小野寺の弟・小野寺の姉 西田征史 [作家な行]
2014年に映画にもなった作品。
姉に片桐はいりさん、弟に向井理さん。
映画は見ていないのですが、
お二人の様子を思い浮かべながら、
読み進めていくと、より楽しいです。
ピッタリの役だと思います。
姉・より子、弟・進、二人暮らし。
しっかり者のより子と、少しシャイな進。
言いたいことを言い合い、
時にはぶつかり合うこともあるけれど、
お互いを心の底では、思いやり、
良い温度で暮らしている。
何かと一歩を踏み出せない進に、
何とかしてやりたいより子なのだが、
そううまくは行かず。
進は、昔いたずらが過ぎて、
姉の前歯が折れたことで、
それが、姉の人生に影響を及ぼしていると思い、
ずっと責任を感じていた。
進なりの姉への贈り物。。。
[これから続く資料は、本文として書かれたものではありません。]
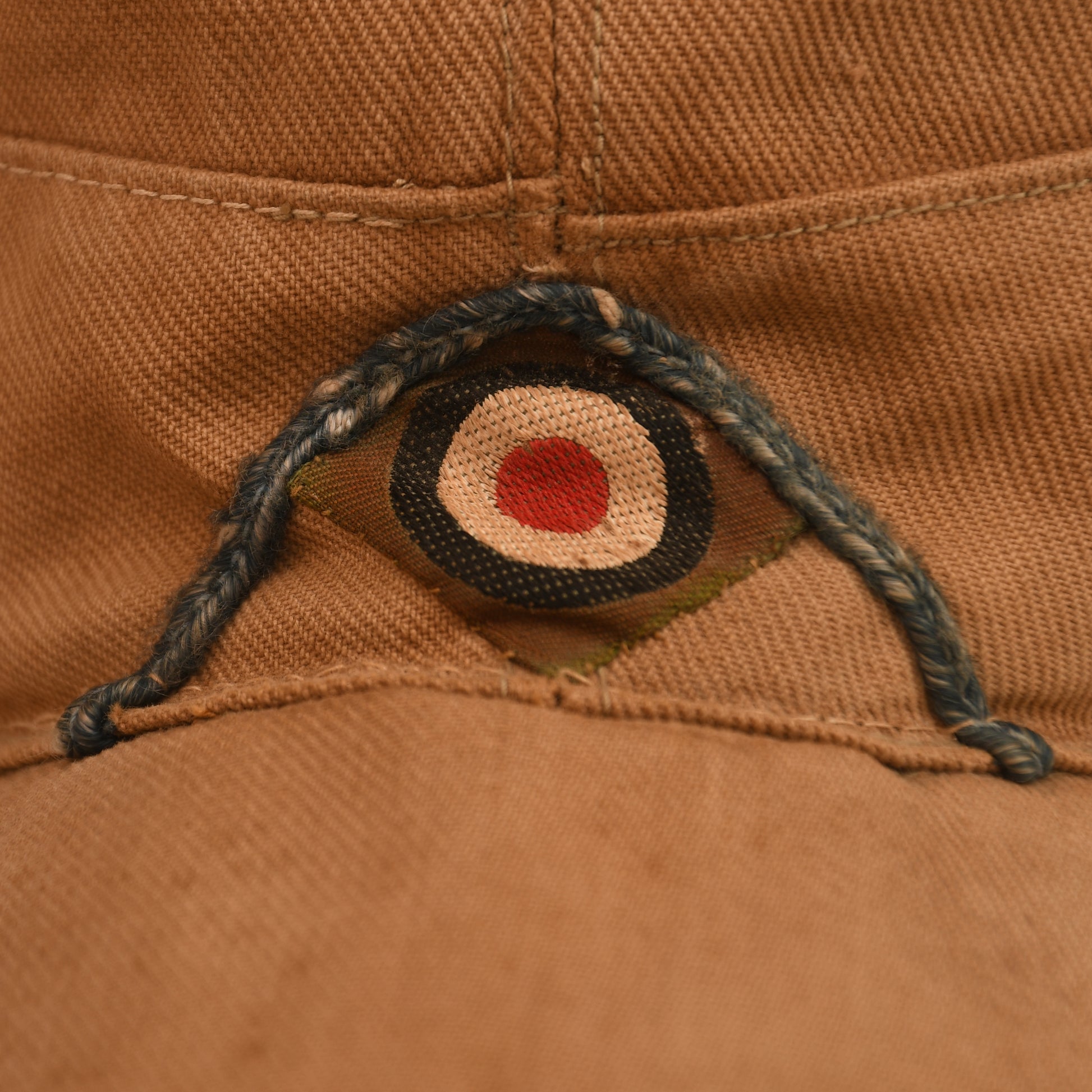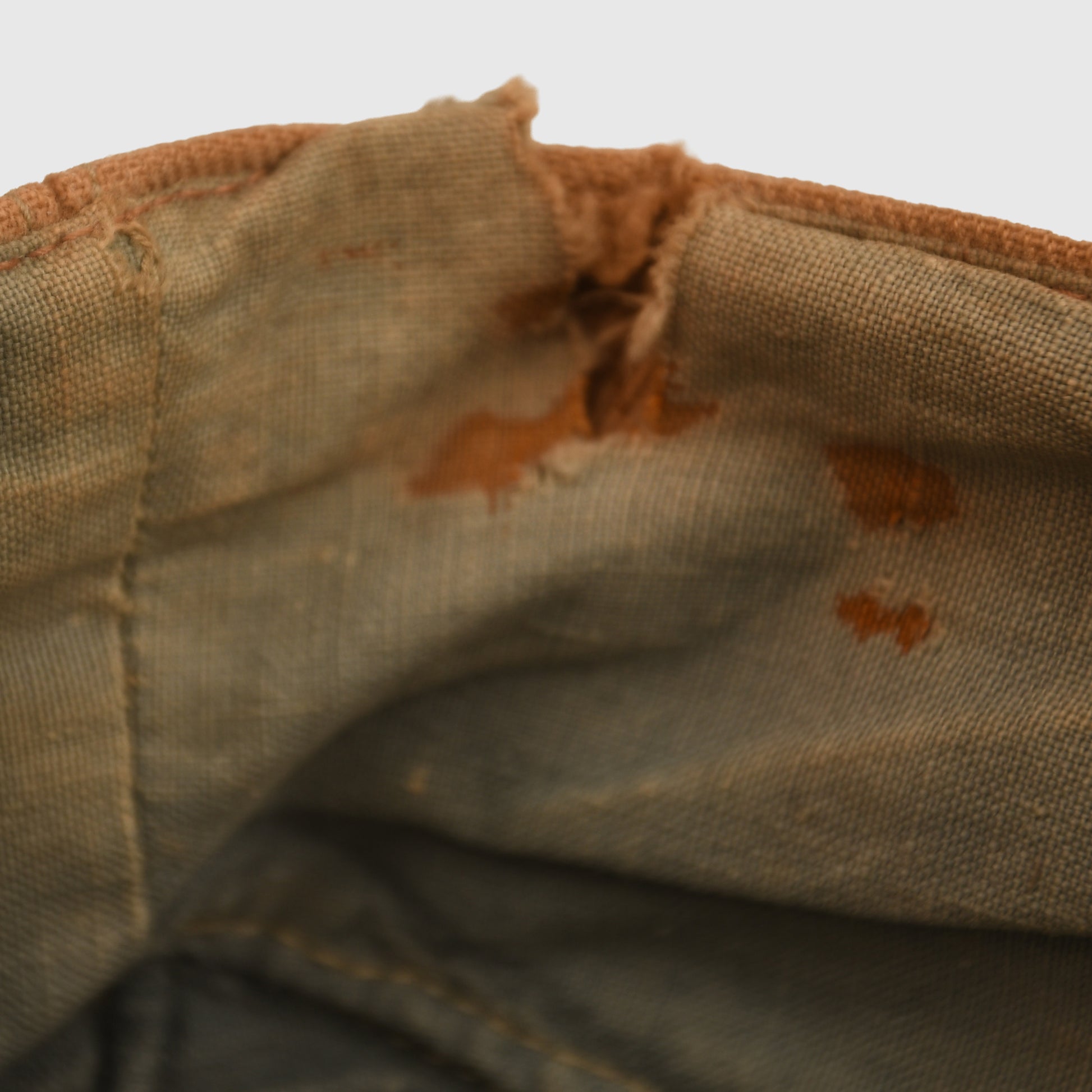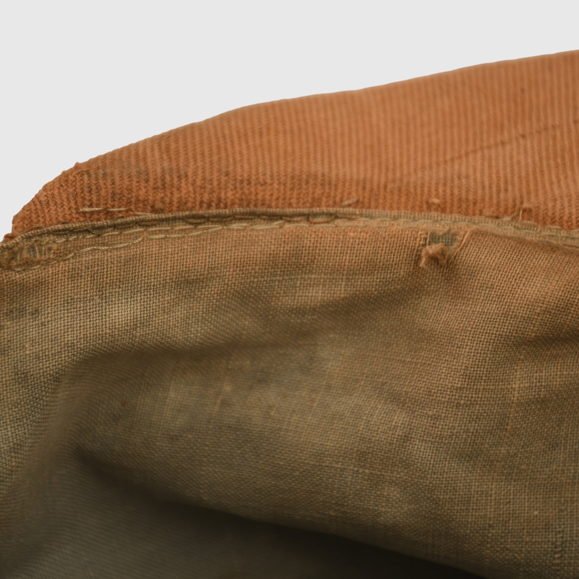 Fitted with the correct gold-on-tan Bevo woven eagle and matching Bevo cockade, the lower cockade is surrounded by the inverted V waffenfarbe in light blue. While photographic or regulatory evidence of waffenfarbe on Naval tropical caps is scarce, this example clearly retains its original fitting.
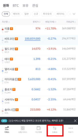 1. 빗썸 로그인을 하신 후 '입출금' 버튼을 클릭해주시면 됩니다.
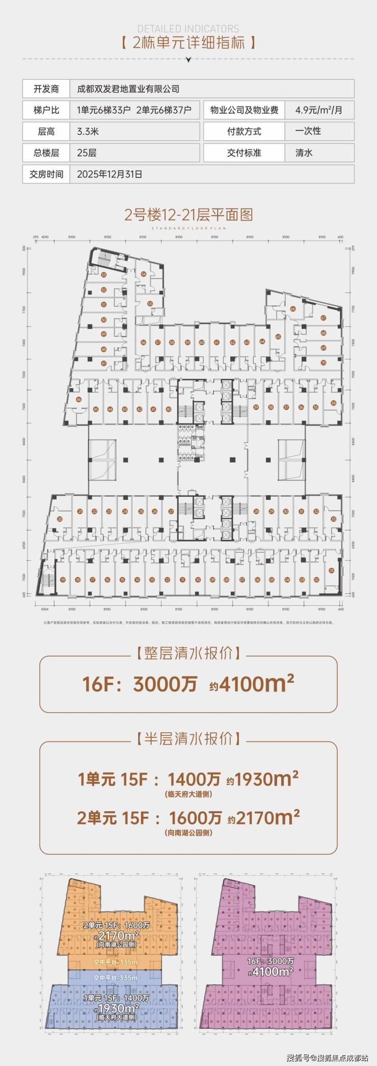 半层报价:1单元15F 1400万 约1930㎡;2单元15F 1600万 约2170㎡
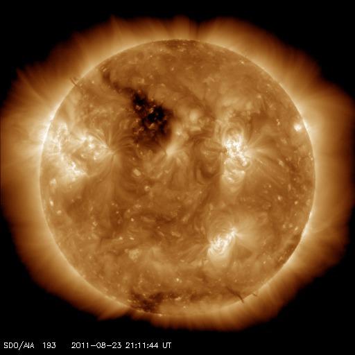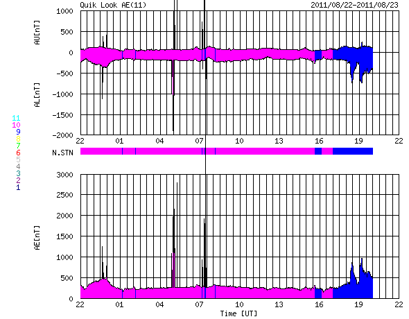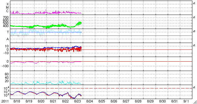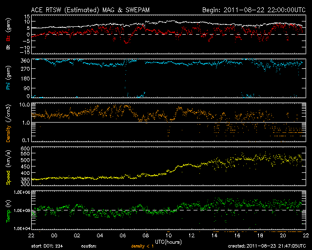 2011/ 8/24 06:47 更新 500km/秒の高速太陽風が始まりました。小規模のオーロラ活動が発生しています。 担当 篠原 昨夜、23日19時(世界時23日10時)頃から太陽風の速度は上昇を始め、 24日1時(世界時23日16時)頃に500km/秒の高速風になりました。 コロナホールの影響がやって来た様です。 磁場強度は、現在も7nTほどに強まっています. 磁場の南北成分は、北寄りに変化していますが、 時々南に振れて小規模のオーロラ活動を起こしています。 AE指数のグラフは現在も太くなっていて、変化が読みにくいですが、 500nT程度の小規模の変化が2回ほど発生しています。 コロナホールの規模から考えると、 高速太陽風は今日一杯程度続き、明日には下がっているのではないかと思います。 SDO衛星AIA193の太陽コロナ写真を見ると、 次のコロナホールが太陽の中心線にほぼ達しています。 すると、3日後の27日くらいに、再び太陽風の速度が上昇するでしょう。 このコロナホールは、27日前の前周期にも高速風をもたらしました。 27日周期の図の7月31日の変化です。 この時は700km/秒に達するかなり速い太陽風になりました。 この頃と比べると、コロナホールの規模はやや弱まっているようです。 最高速度は前回よりも下がるかもしれません。 太陽は1271黒点群は大きな姿を保っていますが、活動度は更に下がり、 X線のグラフに目立ったフレア活動はなく、穏やかになっています。 今日から土曜日まで神奈川県の大磯に出かけます。 ニュースの更新が不規則になるかもしれません。 SDO衛星のAIA193カメラによる太陽コロナの様子 (c) SDO (NASA) ![]() SDO衛星による太陽の可視光写真。マウスの矢印を写真に重ねると、黒点番号付きの写真に切り替わります。 (c) SDO (NASA) ![]() ACEが観測した太陽風の磁場(1番上の枠、白線は全体の強度、赤線は南北成分) および、太陽風の密度(3番目の橙線)、速度(4番目の黄線) (c) NOAA/SWPC ![]() リアルタイムAE指数 下段のAEグラフの値が高くなると、オーロラ活動が活発化しています。 (c) 京都大学, NICT ![]() 27日の太陽周期に合わせたデータプロット 太陽が同じ面を地球に向けていた27日前の変化から、今後を予想することができます。 (c) 作図:宇宙天気ニュース
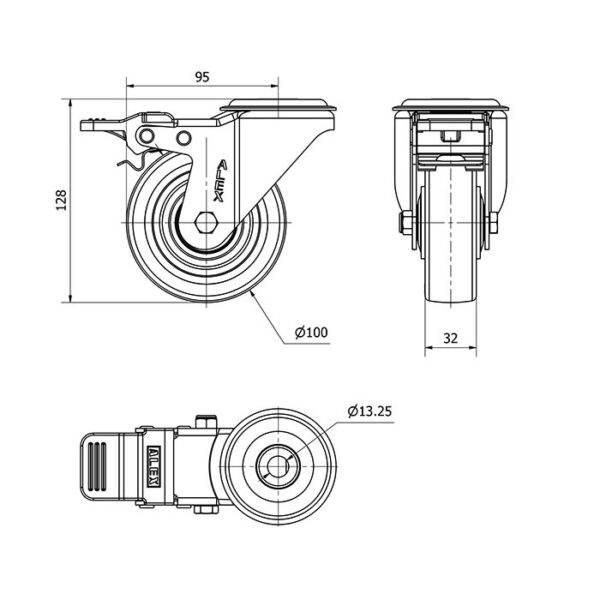 Rueda poliuretano giratoria con freno Alex diametro 100 mm. modelo 2-4235 EAN 8422202242354
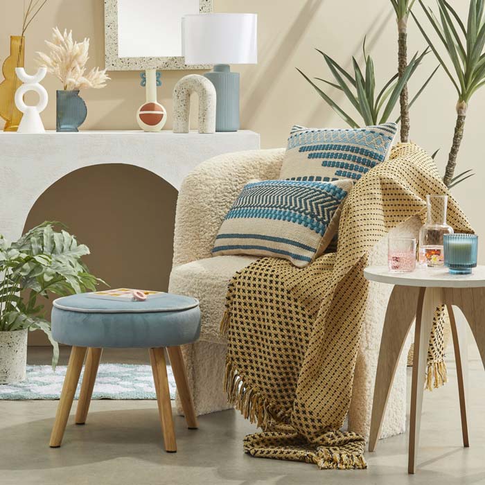 Made from polyester velvet and rubber wood, its beautiful teal blue colour makes it a statement piece.
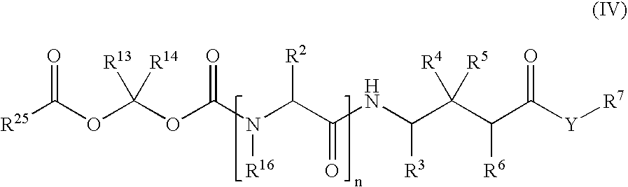 - C07K5/0205—Peptides containing up to four amino acids in a fully defined sequence; Derivatives thereof containing at least one abnormal peptide link containing the structure -NH-(X)3-C(=0)-, e.g. statine or derivatives thereof
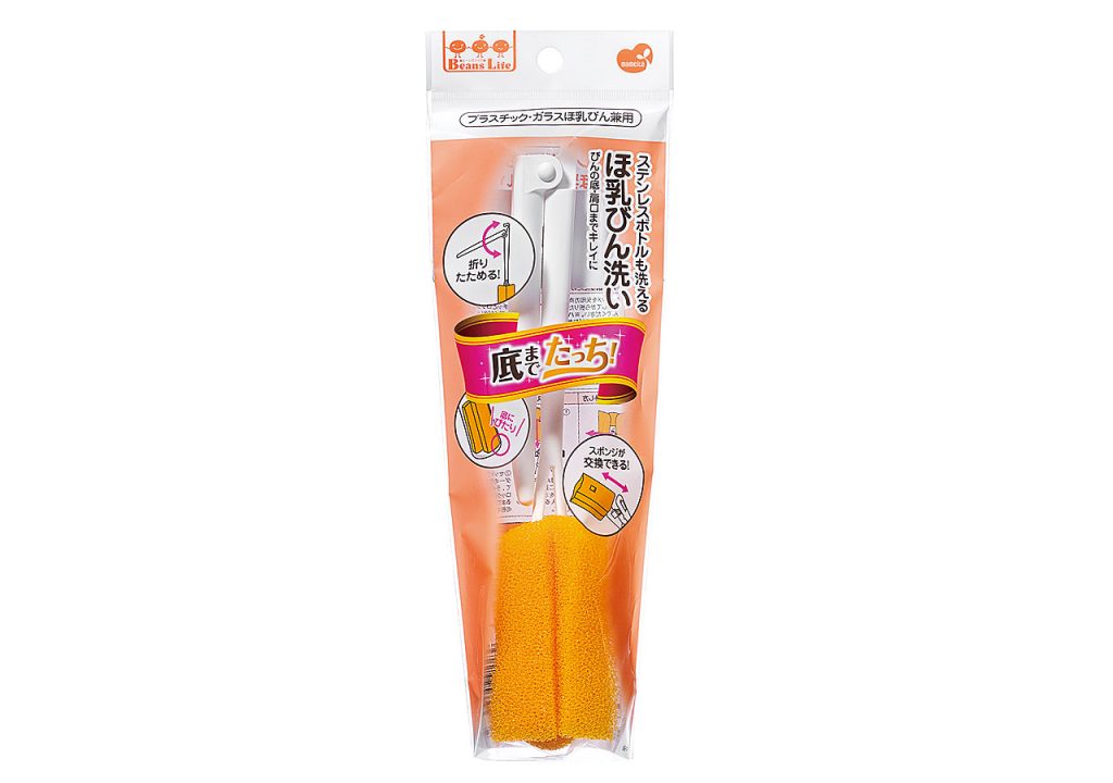 プラスチック・ガラスほ乳びん兼用。びんの底・肩口までキレイに。折りたためる、スポンジが交換できる!(別売:取替用スポンジ)
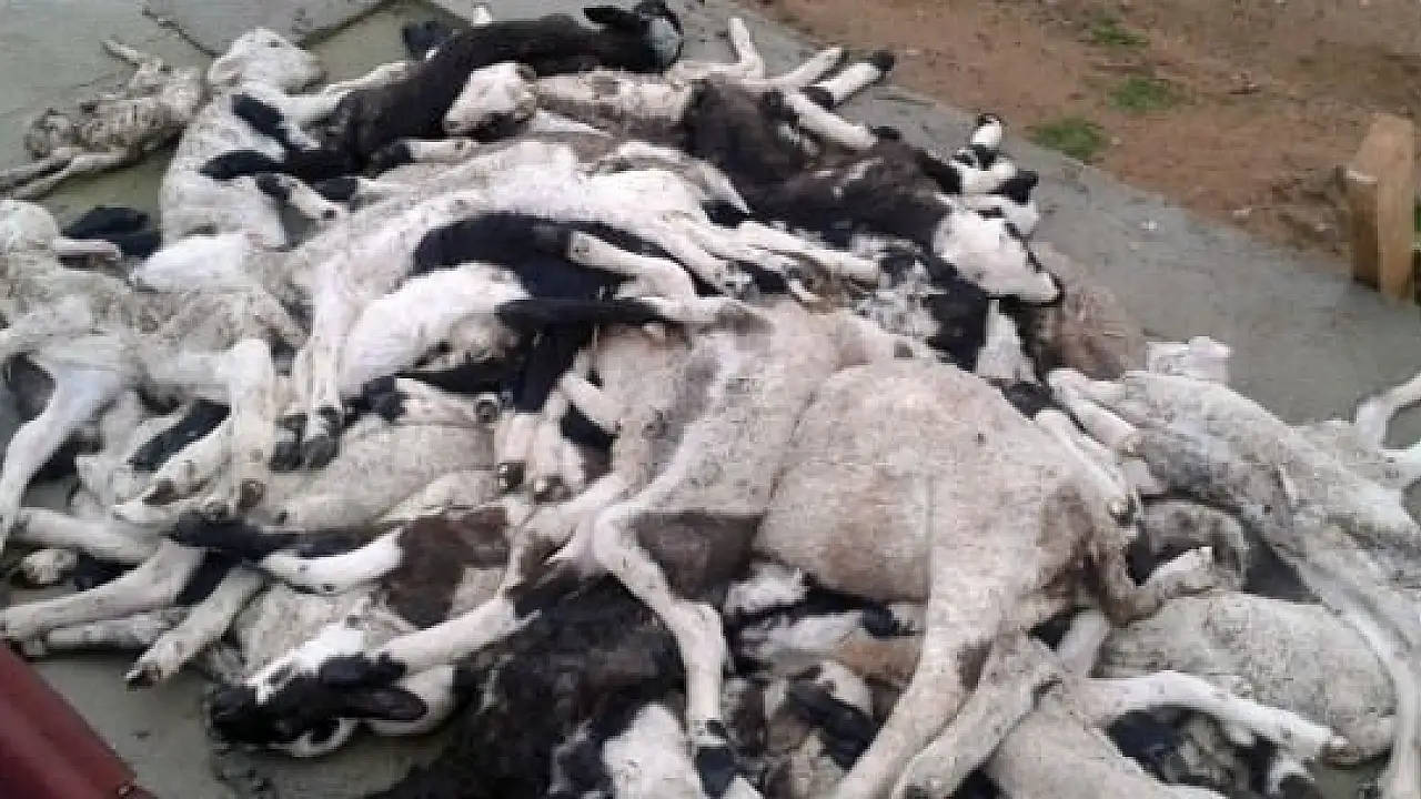 Köyde faaliyet gösteren bir çiftlikte henüz belirlenemeyen bir nedenle telef olan ve leşleri ortada bırakılan küçükbaş hayvanlar köy halkını tedirgin etti.
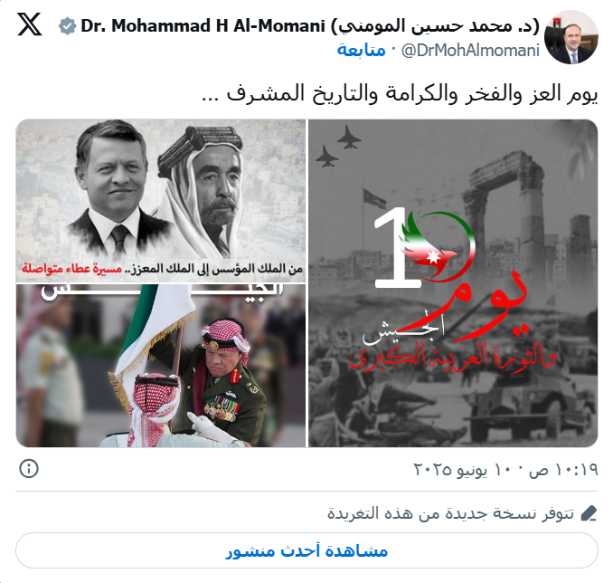 ونشر المومني تغريدة عبر حسابه الشخصي على "إكس" جاء فيها "يوم العز والفخر والكرامة والتاريخ المشرف".
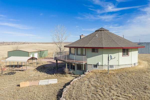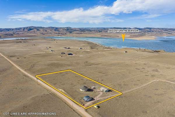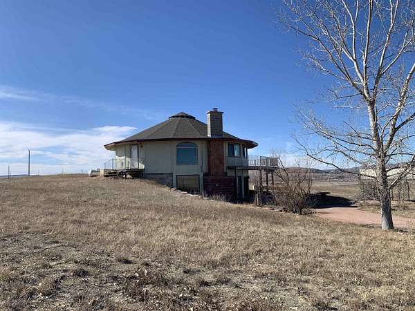 UNIQUE 17-SIDED LAKEVIEW HOME. Situated on 5 acres on the south side of Angostura Lake, this Chesapeake Model Deltec Home is definitely unique and has great vistas of Angostura Lake and the surrounding area. 2910 square feet. 3 bedroom- 2 & 1/2 baths. Main floor office could be a non-conforming bedroom. Two bedrooms in basement are non-conforming. (No egress windows) Fireplace. Back-up generator. Detached 2-car garage. Carport. Quonset hut. Sellers own a total of 40 acres including this parcel. They might consider selling the entire 40 acres if there is interest from prospective Buyers. There is a cell tower located on the 40 acres and access to the cell tower is an easement through this 5-acre parcel.
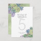 Des polices uniques, des succulentes aquarelles colorées et des fonds scintillants dans un vert printanier doux sont les points forts de ces produits de mariage à assortir. Cette belle carte de numéro de table présente des bordures de coins de feuillage sur fond blanc avec un modèle fourni pour modifier les numéros, les noms des mariés et la date du mariage. Un motif texturé brillant, dans des tons clairs et foncés de vert printanier, ajoute un fond contrasté au verso. Recherchez ID515 pour voir tous les produits correspondants de cet ensemble.

とは
お互いに、お互いの幸せを思う。
心の声が、ユニークで、
ホッコリあたたかい。
まく子 西 加奈子 [作家な行]
「サラバ!」で、直木賞を受賞した西加奈子さん。
受賞後の作品です。
小さな温泉街。
小学5年生のぼくは、子どもから大人への、
微妙な時期だった。
周りの変化や、心の葛藤、
何もかもが中途半端で、もどかしかった。
突然村にやってきた母と子。
転校してきたコズエは、
とても美しく、不思議な雰囲気を持っていた。
純粋で真っ直ぐな目は、皆を引き付けた。
学校帰りに寄る城跡に、
いつしかコズエと2人で来るようになった。
石垣をほじくって石粒を思い切りまいた。
コズエもまいた。
幾度も幾度もまいた。
とても楽しそうだった。
コズエには、秘密があった。
人間や地球上のあらゆるものには、寿命があって、
やがて、朽ち果てていく。
広い宇宙からのメッセージ。
ぼくは信じる。
ぼくたちは、信じ続ける。
目の前に起きたすべての事を。
その意味を。
和僑 楡周平 [作家な行]
「プラチナタウン」の続編。
豊かな巨大定住型老人施設「プラチナタウン」
財政破たんから立ち直り、成功を収めた緑原町だったが、
今後は、人口減少、後継者不足等、
プラチナタウンの未来は、刻々と変化していくだろう。
商社マンだった山崎町長は、次なる策を考えていた。
日本人の繊細な技術、食文化、伝統、
これらを広く外国へ浸透させていくことで、
地方経済の再生を図る、
まさに和僑である。
しかし、全ての人が山崎に賛成なわけではない。
保守的な考えで、昔の考えを貫こうとするものに、
町長の座を譲ってはならない。
またしても、山崎の妙案が光る。
我が心の底の光 貫井徳郎 [作家な行]
母親の育児放棄によって死の淵を見た幼少期。
唯一の光だった子猫。
従弟の慎司にもらったこの子猫も、
飢餓により、徐々に衰弱し動かなくなった。
自分自身もやがて動けなくなった。
生き延びた先に待っていた人生は、
とても幸せとは言えなかった。
心の奥底に絶やさずに燃え続ける炎を糧に、
自分は生き続けていた。
大人になり、身を寄せていたラーメン屋の従弟の家を出て、
悪の道に進む。
不動産詐欺、ある女性を破滅へ追い込み、
そして、母を奪った男への復讐。
自分を支えていたのは、それだけだった。
新釈にっぽん昔話 乃南アサ [作家な行]
「さるとかに」、「花咲かじじい」、「一寸法師」
「三枚のお札」、「笠地蔵」、「犬と猫とうろこ玉」
日本に伝わる昔話。
こどもの頃から親しんできた有名どころが、
乃南氏によって、描かれた新釈むかしばなし。
基本の路線は守りつつ、
少し尾ひれのついた楽しいお話。
情景が頭に浮かぶように、
すーっと何気に入り込んでくる独特な世界観です。
肩の力を抜いて読めるそんな一冊です。